Assignment
The answer is the exact text of every line from the one that contains "2月12日,大型機械在土耳其哈塔伊省安塔基亞市一處地震廢墟中作業(yè)。" to the final line of the entries below, with pictures left out.

Start of Data provided

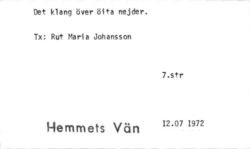 //// Det klang över öita nejder. Tx: Rut Maria Johansson //// 7.str //// Hemmets Vän 12.07 1972 ////
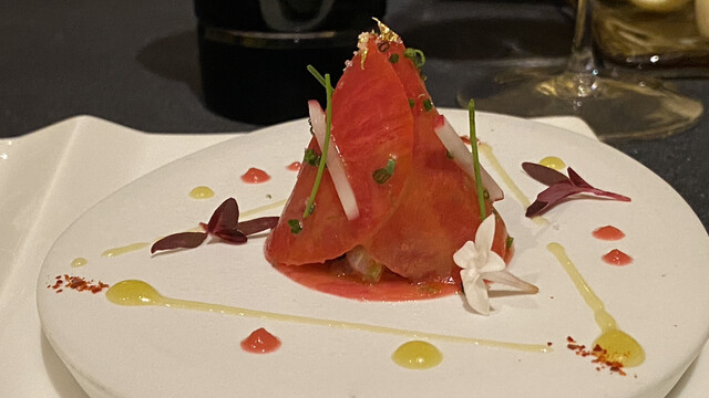 寒鰤のタルタルと根菜のラメルを甘酸っぱいカラマンシーのヴィネグレットで
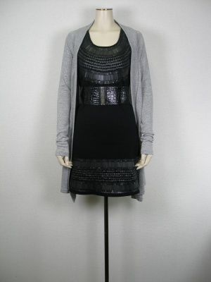 マットなスパンコールを贅沢に使ったカットソーワンピを太ベルトで更にカッコよく!そのタイトなシルエットと羽織ったロングカーデのゆるさのバランスが大人っぽい!エレガンス度70%、スタイリッシュ度30%。
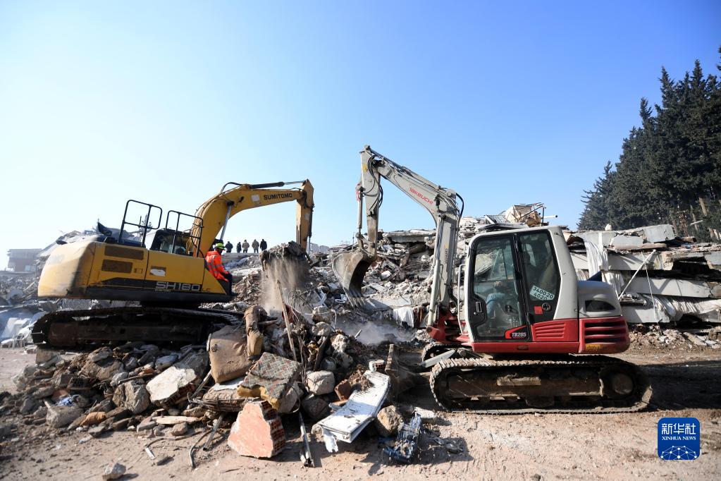 2月12日,大型機械在土耳其哈塔伊省安塔基亞市一處地震廢墟中作業(yè)。
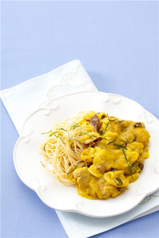 닭 다리 4개, 소금·후춧가루 약간씩, 양파 1개, 마늘 3쪽, 화이트 와인 1/2컵, 마른 고추 1/2개, 카레가루 4, 우유 1컵, 생크림 1/4컵, 건포도 2, 레몬즙 1, 우스터소스 1.5, 스파게티 100g
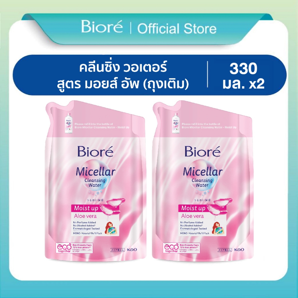 [แพ็ค2] บิโอเร คลีนซิ่ง วอเตอร์ ซอฟเท่น อัพ ถุงเติม 330มล Biore Cleansing Water Soften up Refill 330ml เช็ดเครื่องสำอาง
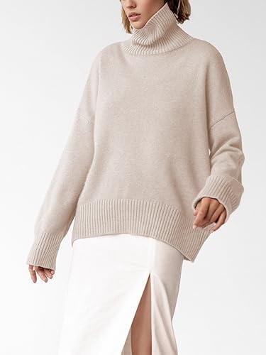 Women’s Turtleneck Sweater Chunky Long Sleeve Knitted Pullover High Low Hem Tre …

End of Data provided

Written reply
 2月12日,大型機械在土耳其哈塔伊省安塔基亞市一處地震廢墟中作業(yè)。
 닭 다리 4개, 소금·후춧가루 약간씩, 양파 1개, 마늘 3쪽, 화이트 와인 1/2컵, 마른 고추 1/2개, 카레가루 4, 우유 1컵, 생크림 1/4컵, 건포도 2, 레몬즙 1, 우스터소스 1.5, 스파게티 100g
 [แพ็ค2] บิโอเร คลีนซิ่ง วอเตอร์ ซอฟเท่น อัพ ถุงเติม 330มล Biore Cleansing Water Soften up Refill 330ml เช็ดเครื่องสำอาง
 Women’s Turtleneck Sweater Chunky Long Sleeve Knitted Pullover High Low Hem Tre …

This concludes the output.